People who tried to talk her out of the conspiracy theories by sending her factual information only made it worse.
“Facts are not facts anymore,” Ms. Perron said. “They are highly powerful, nefarious people putting out messaging to keep us as docile as sheep.”
As the months went on, the claims she was seeing grew more outlandish. There were slickly produced videos of cannibalism and Satanism within the Democratic Party.
“The people I got to know on social media, they started to look stranger and act stranger and I didn’t want to be like that,” she said.
Mr. Trump himself was a source of doubt. Q presented him as a brilliant mastermind, and for a while she accepted that. But it became harder to reconcile that persona with what she observed in real life.

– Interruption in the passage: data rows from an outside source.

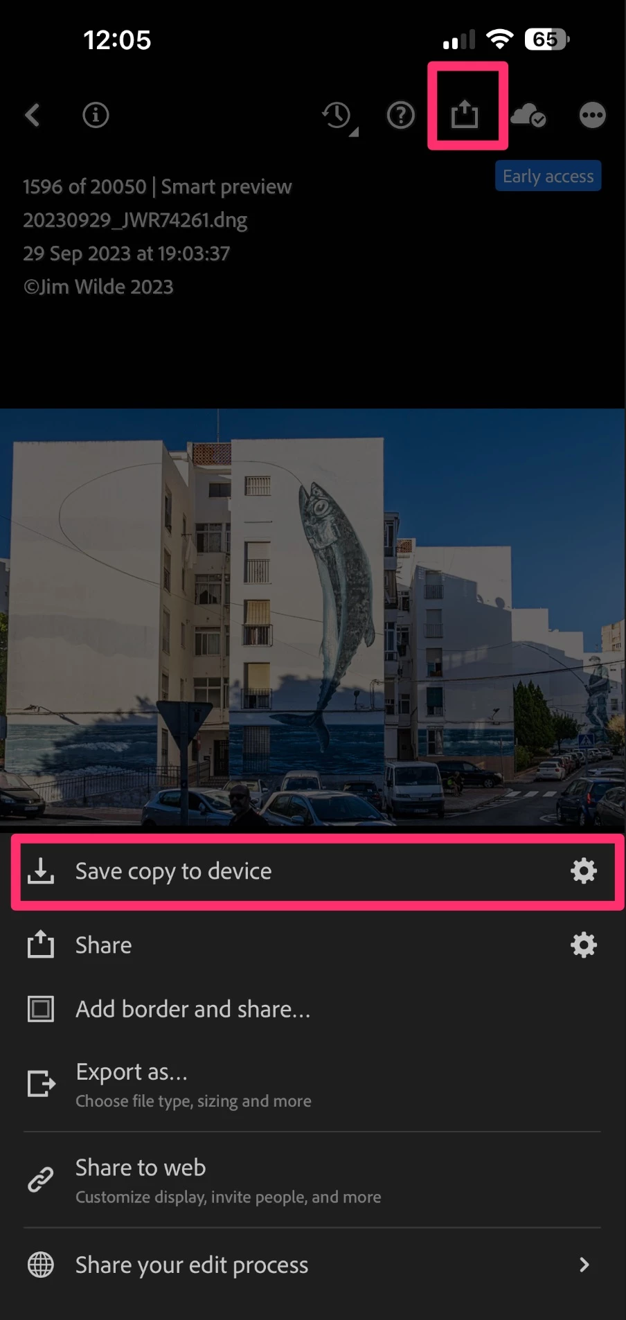 How do I export a new DNG photo to my camera roll?
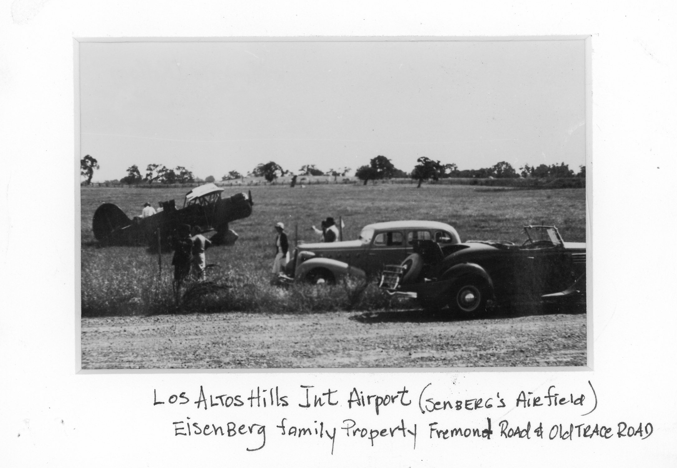 Photo of Biplane at "Senberg's Airfield, Eisenberg Property, corner of Fremont and Old Trace Road" |
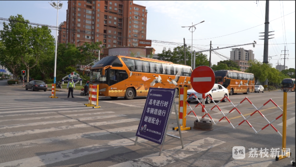 记者在第一中学考点周边路段看到,区公安局交警大队民警已在考场周边路段设置了临时交通标志,将单行、禁行、禁鸣、限速等标志牌摆放在了醒目位置。

...When she first left QAnon, she felt a lot of shame and guilt. It was also humbling: Ms. Perron, who has a master’s degree, had looked down on Scientologists as people who believed crazy things. But there she was.
But she has come to appreciate the experience. She has talked to her children about what she went through, and has learned to identify conspiracy dependence in others. She agreed to speak for this article to help others who are still in the throes of QAnon.
...Trump may be gone from government, but Ms. Perron believes that the ground is still fertile for conspiracy theories because many of the underlying conditions are the same: widespread distrust of authority, anger at powerful figures in politics and in the news media, and growing income inequality.
Unless there are major changes, Ms. Perron said, the craving will continue.
“Trump just used us and our fear,” she said. “When you are no longer living in fear, you are no longer prone to believe this stuff. I don’t think we are anywhere near that yet.”

In his Times column yesterday, Paul Krugman wrote that "The Republican Party is stuck, probably irreversibly, in a doom loop of bizarro. If the Trump-incited Capitol insurrection didn’t snap the party back to sanity-- and it didn’t-- nothing will." Do you think he literally means "sanity?" I do. He wrote, "About the bizarro: Even I had some lingering hope that the Republican establishment might try to end Trumpism. But such hopes died this week. On Tuesday Mitch McConnell, the Senate minority leader, who has said that Donald Trump’s role in fomenting the insurrection was impeachable, voted for a measure that would have declared a Trump trial unconstitutional because he’s no longer in office. (Most constitutional scholars disagree.) On Thursday Kevin McCarthy, the House minority leader-- who still hasn’t conceded that Joe Biden legitimately won the presidency, but did declare that Trump “bears responsibility” for the attack on Congress-- visited Mar-a-Lago, presumably to make amends. In other words, the G.O.P.’s national leadership, after briefly flirting with sense, has surrendered to the fantasies of the fringe. Cowardice rules." Krugman worries about the dangers this poses for the country.

Like Perron above, he wonders how this happened "to what was once the party of Dwight Eisenhower... Political scientists argue that traditional forces of moderation have been weakened by factors like the nationalization of politics and the rise of partisan media, notably Fox News" and sees a slippery slope that eventually leads to seemingly rational people "believing that all Democrats are Satanist pedophiles." It goes back to Newt Gingrich and was greatly enhanced by Trump, a self-serving conspiracy monger himself. "[T]he cowardice of the Republican establishment has sealed the deal. One of America’s two major political parties has parted ways with facts, logic and democracy, and it’s not coming back."